The data —
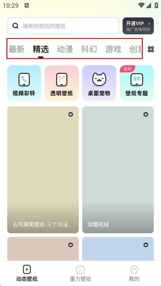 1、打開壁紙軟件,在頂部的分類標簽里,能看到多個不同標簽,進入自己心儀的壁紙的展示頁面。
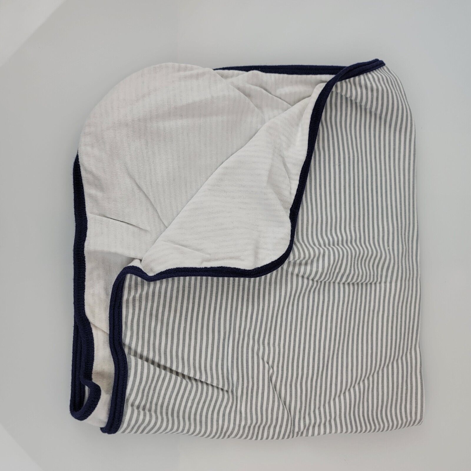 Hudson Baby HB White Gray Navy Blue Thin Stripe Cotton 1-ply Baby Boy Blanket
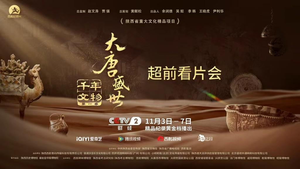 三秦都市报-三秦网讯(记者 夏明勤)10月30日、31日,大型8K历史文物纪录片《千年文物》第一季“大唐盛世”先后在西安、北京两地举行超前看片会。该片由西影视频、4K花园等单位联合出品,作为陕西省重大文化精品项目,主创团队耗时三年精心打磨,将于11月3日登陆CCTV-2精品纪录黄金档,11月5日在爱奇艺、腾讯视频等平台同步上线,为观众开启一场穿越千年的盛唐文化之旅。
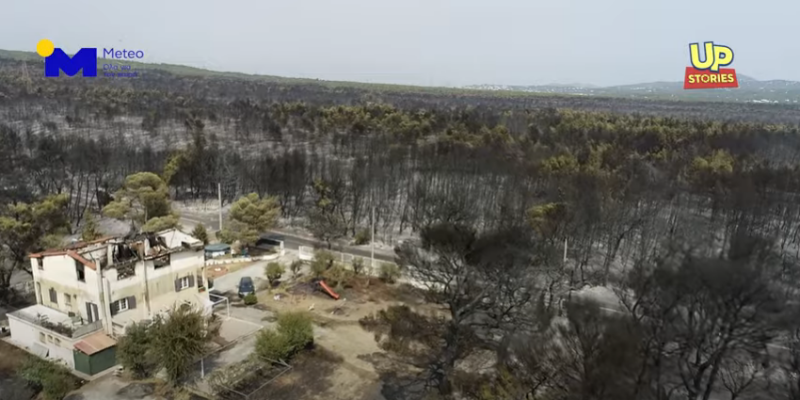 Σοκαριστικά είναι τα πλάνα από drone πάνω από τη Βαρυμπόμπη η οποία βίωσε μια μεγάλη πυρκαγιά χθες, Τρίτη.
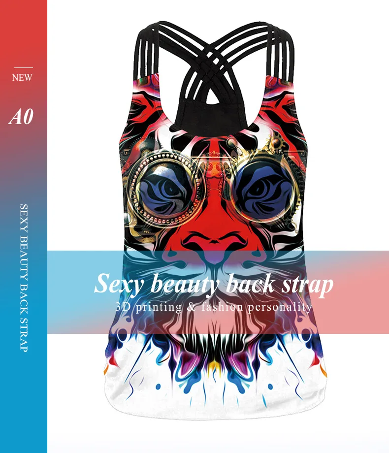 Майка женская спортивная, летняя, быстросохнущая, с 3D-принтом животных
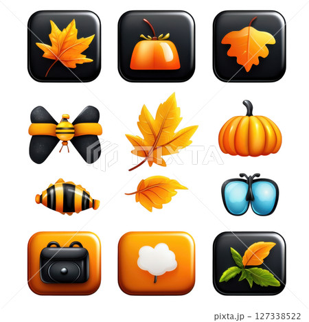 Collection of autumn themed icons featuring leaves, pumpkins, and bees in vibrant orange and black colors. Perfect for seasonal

...

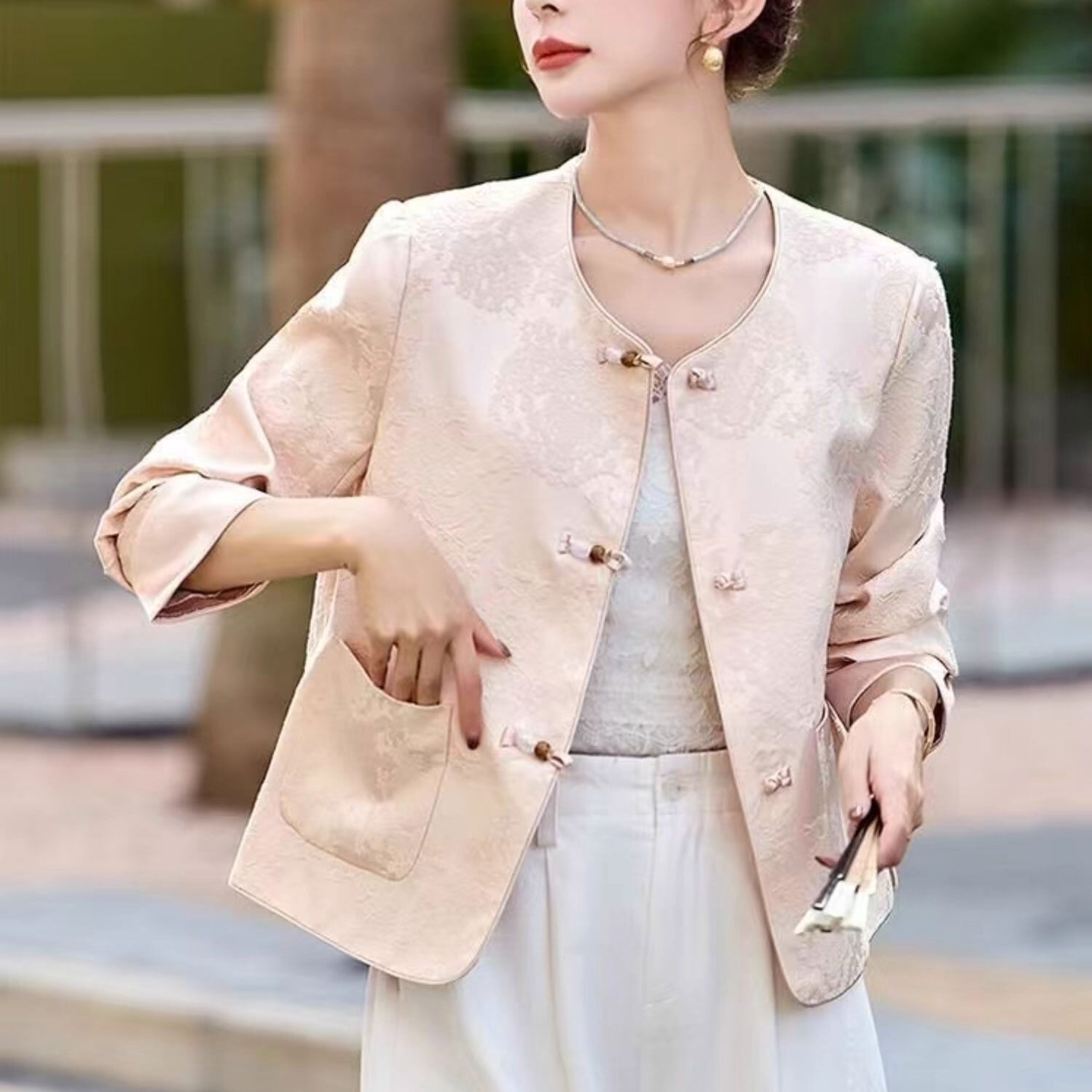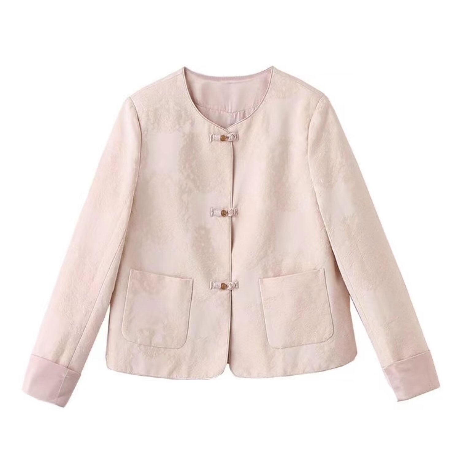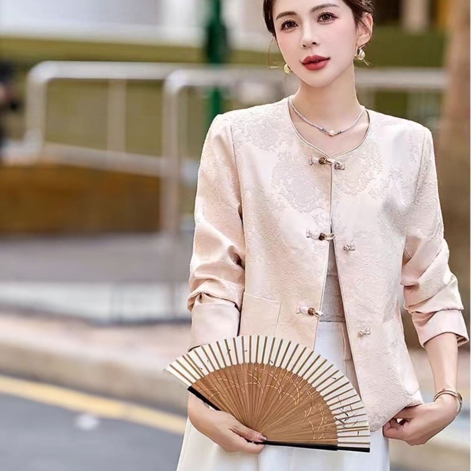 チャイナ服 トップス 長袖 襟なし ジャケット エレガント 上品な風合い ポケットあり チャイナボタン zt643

Required action — Look above for the line with "Майка женская спортивная, летняя, быстросохнущая, с" and the line with "Collection of autumn", then copy them and all lines in between exactly as written, and only those, without any pictures.

Final answer —
 Майка женская спортивная, летняя, быстросохнущая, с 3D-принтом животных
 Collection of autumn themed icons featuring leaves, pumpkins, and bees in vibrant orange and black colors. Perfect for seasonal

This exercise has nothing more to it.